» TASK
Provide again, from the entries below, every line from the one containing "Canalys最新數據顯示,2024年第" through the one containing "This bingo card", exactly as written, and no other line.

» TASK MATERIAL
┄┄┄┄┄┄┄┄┄┄┄┄┄┄┄┄┄┄┄┄
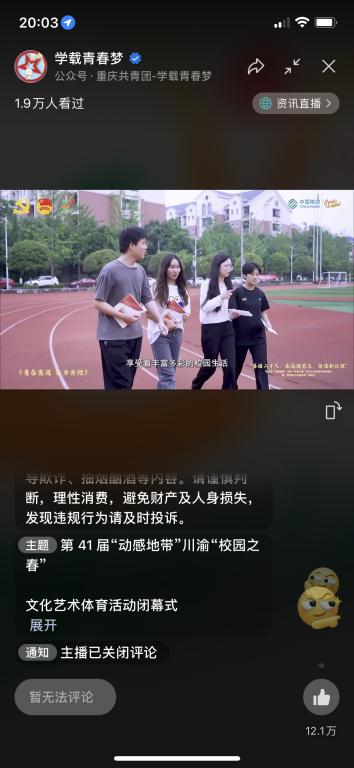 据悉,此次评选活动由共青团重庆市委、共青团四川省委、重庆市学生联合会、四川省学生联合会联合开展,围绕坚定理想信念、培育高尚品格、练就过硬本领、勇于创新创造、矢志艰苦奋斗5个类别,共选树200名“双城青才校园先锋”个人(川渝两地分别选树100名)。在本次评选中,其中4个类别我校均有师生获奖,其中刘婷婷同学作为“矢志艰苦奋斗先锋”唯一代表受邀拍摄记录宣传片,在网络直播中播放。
┄┄┄┄┄┄┄┄┄┄┄┄┄┄┄┄┄┄┄┄
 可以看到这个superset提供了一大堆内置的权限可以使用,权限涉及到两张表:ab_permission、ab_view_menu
┄┄┄┄┄┄┄┄┄┄┄┄┄┄┄┄┄┄┄┄
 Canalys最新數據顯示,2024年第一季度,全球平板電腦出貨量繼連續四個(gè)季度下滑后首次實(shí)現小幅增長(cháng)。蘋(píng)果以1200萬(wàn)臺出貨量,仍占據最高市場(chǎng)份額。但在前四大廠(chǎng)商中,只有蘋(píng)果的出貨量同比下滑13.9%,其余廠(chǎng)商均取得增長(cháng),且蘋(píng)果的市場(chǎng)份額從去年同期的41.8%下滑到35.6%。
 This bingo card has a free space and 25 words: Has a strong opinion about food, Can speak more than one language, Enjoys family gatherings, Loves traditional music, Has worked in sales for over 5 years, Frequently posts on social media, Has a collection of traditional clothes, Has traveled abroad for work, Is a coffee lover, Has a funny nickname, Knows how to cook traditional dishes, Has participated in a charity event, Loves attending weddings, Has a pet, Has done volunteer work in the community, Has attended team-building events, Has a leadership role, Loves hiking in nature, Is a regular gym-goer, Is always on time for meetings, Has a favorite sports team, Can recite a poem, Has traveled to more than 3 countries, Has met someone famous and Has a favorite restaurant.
┄┄┄┄┄┄┄┄┄┄┄┄┄┄┄┄┄┄┄┄
» SOLUTION TO THIS TASK
 Canalys最新數據顯示,2024年第一季度,全球平板電腦出貨量繼連續四個(gè)季度下滑后首次實(shí)現小幅增長(cháng)。蘋(píng)果以1200萬(wàn)臺出貨量,仍占據最高市場(chǎng)份額。但在前四大廠(chǎng)商中,只有蘋(píng)果的出貨量同比下滑13.9%,其余廠(chǎng)商均取得增長(cháng),且蘋(píng)果的市場(chǎng)份額從去年同期的41.8%下滑到35.6%。
 This bingo card has a free space and 25 words: Has a strong opinion about food, Can speak more than one language, Enjoys family gatherings, Loves traditional music, Has worked in sales for over 5 years, Frequently posts on social media, Has a collection of traditional clothes, Has traveled abroad for work, Is a coffee lover, Has a funny nickname, Knows how to cook traditional dishes, Has participated in a charity event, Loves attending weddings, Has a pet, Has done volunteer work in the community, Has attended team-building events, Has a leadership role, Loves hiking in nature, Is a regular gym-goer, Is always on time for meetings, Has a favorite sports team, Can recite a poem, Has traveled to more than 3 countries, Has met someone famous and Has a favorite restaurant.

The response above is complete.